K01's MCP server gives AI agents and LLM-powered tools access to privacy-preserving synthetic health data generation. Generate FHIR-compliant patient cohorts, query structured EHR data, and compare across FHIR versions — all with built-in differential privacy. No real patient data is involved at any point.
This repository contains documentation and configuration for the K01 MCP server. The server implementation is proprietary and runs on K01 infrastructure.
| Tool | Description | Key Parameters |
|---|---|---|
generate_synthetic_cohort | Generate synthetic patient cohorts with demographic and clinical constraints | count, age_min/age_max, gender, condition (ICD-10), seed, locale |
search_patients | Search a virtual patient database with advanced healthcare filters | gender, birthdate, numberOfMedicinesFrom/To, conditionTypes, locale |
get_patient_record | Retrieve a complete patient record with medication and condition summaries | patient_id, fhir_version |
get_patient_medications | Get detailed medication records with ATC codes and therapeutic indications | patient_id, seed, fhir_version |
get_patient_conditions | Retrieve patient conditions with ICD-10 codes and localized names | patient_id, seed, fhir_version |
compare_fhir_versions | Compare the same patient data across FHIR R4 and R5 | patient_id, resource_type |
All tools support both FHIR R4 and R5. See docs/tools.md for full parameter documentation.

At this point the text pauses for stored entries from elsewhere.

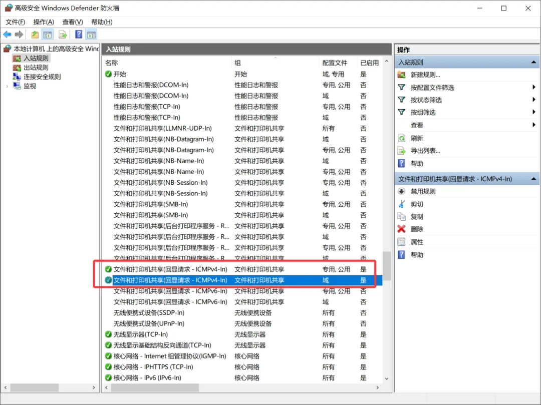 启用名为 “文件和打印机共享 (回显请求 - ICMPv4-In)” 的规则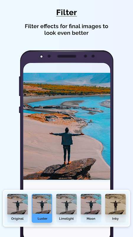 Basta selecionar a foto, cortar a imagem, escovar a imagem que você deseja remover, aplicar as alterações para remover automaticamente a parte indesejada e depois aplicar filtros à imagem de saída, salvar e compartilhar com sua família e amigos nas mídias sociais.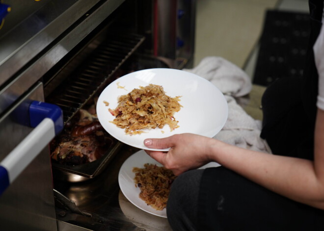 Cilvēki Rīgā pret ziedojumiem bauda ukraiņu boršču un citus gardumus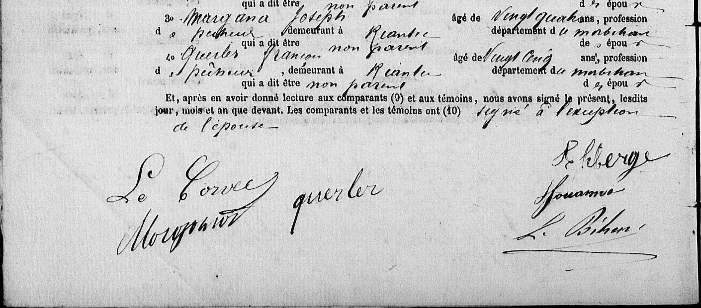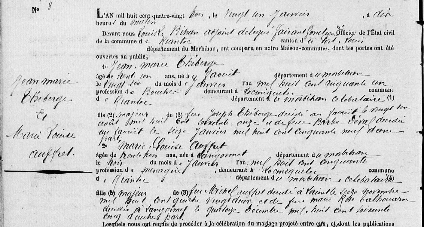 Mariage THEBERGE Jean Marie AUFFRET Marie Louise - 1883 - Riantec - 2 |
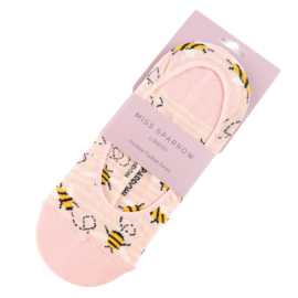 Bees Stripes Invisible Footsie Socks Dusky Pink & Cream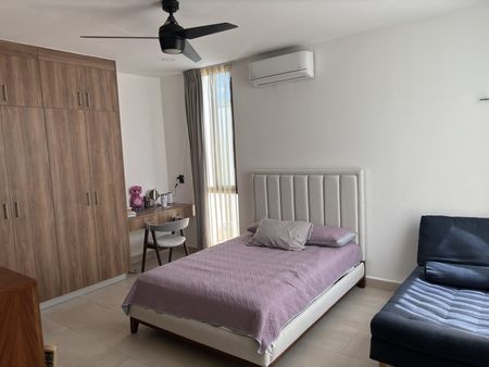 Recámara 1 con baño completo, espacio de closet vestido en carpintería de MDF color moscatto, con escritorio integrado y vista al jardín, terraza y alberca.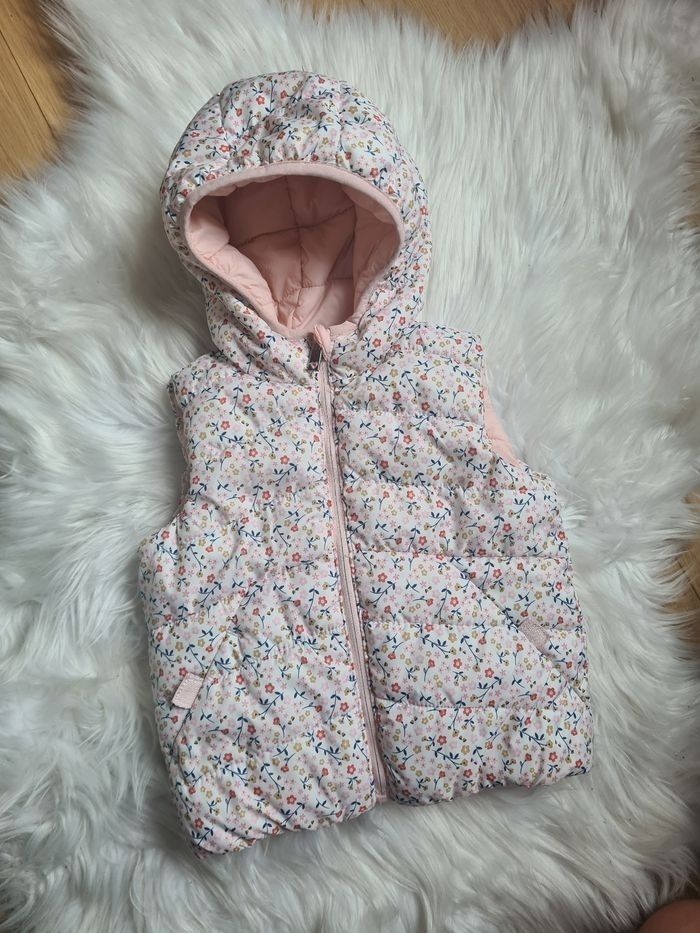 Veste sans manches réversible D'un côté rose pale L'autre côté blanc fleurie Avec poches 12/18mois 86cm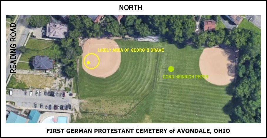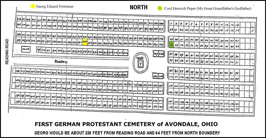 BREAKTHROUGH:  As of today, February 24, 2019, we now know where Georg was buried. According to Jessie Hicks, Senior Library Services Assistant, Genealogy & Local History Department, Public Library of Cincinnati & Hamilton County, "I found a burial record for Georg Eduard Foertmeier (Fortmeier, etc) in the Hamilton County, Ohio Burial Records edited by Jeffrey Herbert. In volume 13, which covers the First German Protestant Cemetery of Avondale—also called the Cholera Cemetery—located at 3632 Reading Road, there is a listing on page 13 for Georg Edward Fortmeier (this is how it is spelled in the record) buried 10 June 1851 in Lot 344, age 20."

Add to your Claude Desktop configuration (Settings > MCP Servers):
{
"mcpServers": {
"k01": {
"url": "https://mcp.k01.is/mcp",
"headers": {
"Authorization": "Bearer YOUR_API_KEY"
}
}
}
}
Add to your Cursor MCP configuration (.cursor/mcp.json):
{
"mcpServers": {
"k01": {
"url": "https://mcp.k01.is/mcp",
"headers": {
"Authorization": "Bearer YOUR_API_KEY"
}
}
}
}
Restart the application after adding the configuration. The K01 tools will appear in the tool list.
The K01 MCP server uses Bearer token authentication. Include your API key in the Authorization header.
To get an API key, contact K01 at k01.is. Self-service key provisioning is coming soon.
See docs/authentication.md for details.
"Generate 100 patients aged 40-65 with Type 2 diabetes"
The generate_synthetic_cohort tool creates a FHIR Bundle with Patient, Condition, MedicationStatement, Procedure, and Observation resources:
generate_synthetic_cohort(count=100, age_min=40, age_max=65, condition="E11.9", seed=42)
"Find patients with 3+ medications and chronic conditions"
search_patients(numberOfMedicinesFrom=3, conditionTypes="chronic", _count=20)
"How do this patient's medications look in R4 vs R5?"
compare_fhir_versions(patient_id="0101302989", resource_type="Medication")
See docs/examples.md for more workflows.
All data generated by K01 is fully synthetic. No real patient data is used, stored, or referenced at any point in the pipeline.